If you run the harsh output into a reverb pedal and/or delay pedal and/or tube amp input, a lot of the harshness is smoothed away.

Even following it with a (soft) overdrive pedal helps reduce audible harshness.

If the room is big enough and the speaker is sufficiently far from your ears, even ambient room reverb - if there's enough of it - does a good job of smoothing out audible harshness from 9V SS "dirt" pedals.

It doesn't have to be a dirt pedal to get harsh sounds. My old Danelectro Fish-n-Chips graphic EQ has a built in adjustable clean gain boost as well as the EQ sliders. Turn the gain up, and you can quite clearly hear the output clip every time you pick a note on the guitar.


No need for the sarcasm. They sell for multiple reasons:

1) Nobody listens directly to the (harsh) output of one of these pedals. Musicians who know what they're doing will send the output through reverb, delay, maybe OD or modulation, then into a tube amp. That's how you get beautiful guitar tones out of them.

2) Musicians who don't yet know what they're doing - usually beginner guitarists - buy the pedals because their guitar heroes used the same ones. Plugged into an old-school analogue SS guitar amp, the pedal sound utterly harsh and horrible. The prototypical wasp-in-a-tin-can sound.

Beginner guitarists probably don't realize that when the the same pedal is plugged into overdrive / reverb / delay / modulation / a good tube guitar amp, it sounds very different.

So you believe SS pedals powered by 9V DC don't clip harshly. Listen to this 10-year-old video comparing a 9V SS amp emulator pedal (Joyo American Sound) with an actual Fender blackface amp:

Did they sound alike to you?

If so, go back and listen to the audio right around 1:18 minutes into the video.

Do you hear the harsh clipping of the SS pedal?

In this case the harsh clipping occurs from the guitarist using pick-hand palm muting. The impact of his palm on the strings produces a big low-pitched thump. The tube Fender amp handles it gracefully. The Joyo clips, hard, making that nasty rattle.

This is not the only place in the track where the Joyo clips harshly; but it's a particularly extreme and obvious one.

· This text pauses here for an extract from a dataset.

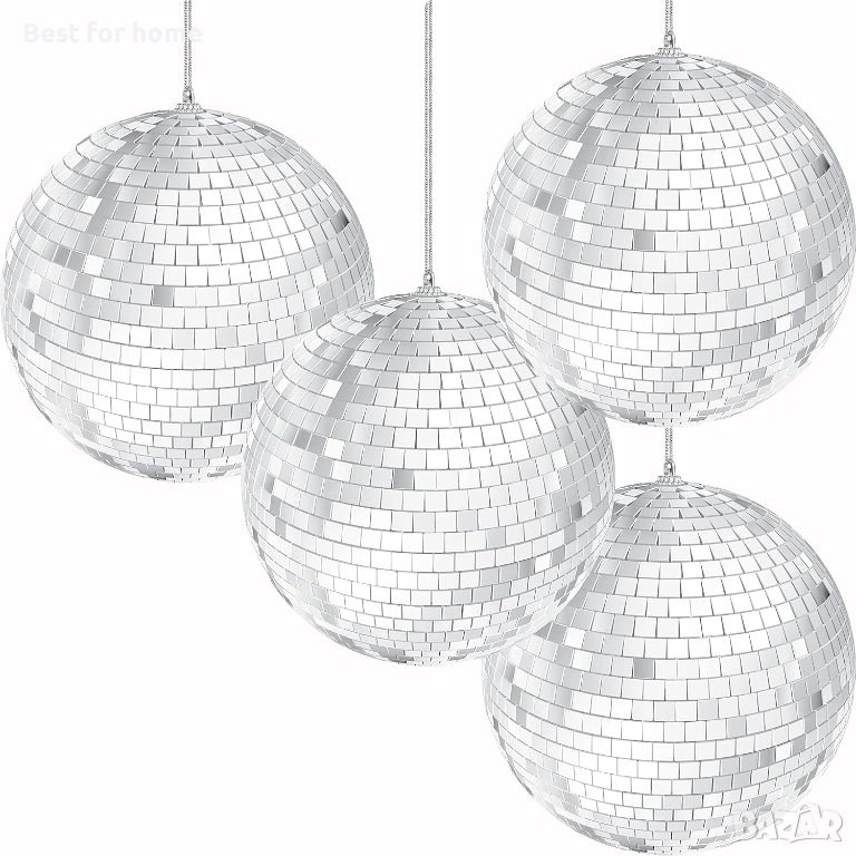 Пакет от 4 огледални диско топки с диаметър 10 см, сребърни висящи топки

I bought that Joyo pedal before I'd ever heard this video, based on good reviews all over the Internet. I found I could get some usable sounds from it, but this sort of unpleasant harsh clipping was always lurking in the wings, and would show up every now and then. The pedal got retired for that reason.

-Gnobuddy
So you could have EQ'd your harshness away? Sounds like a better plan that to complain about it for ten years. Really, move on to something else.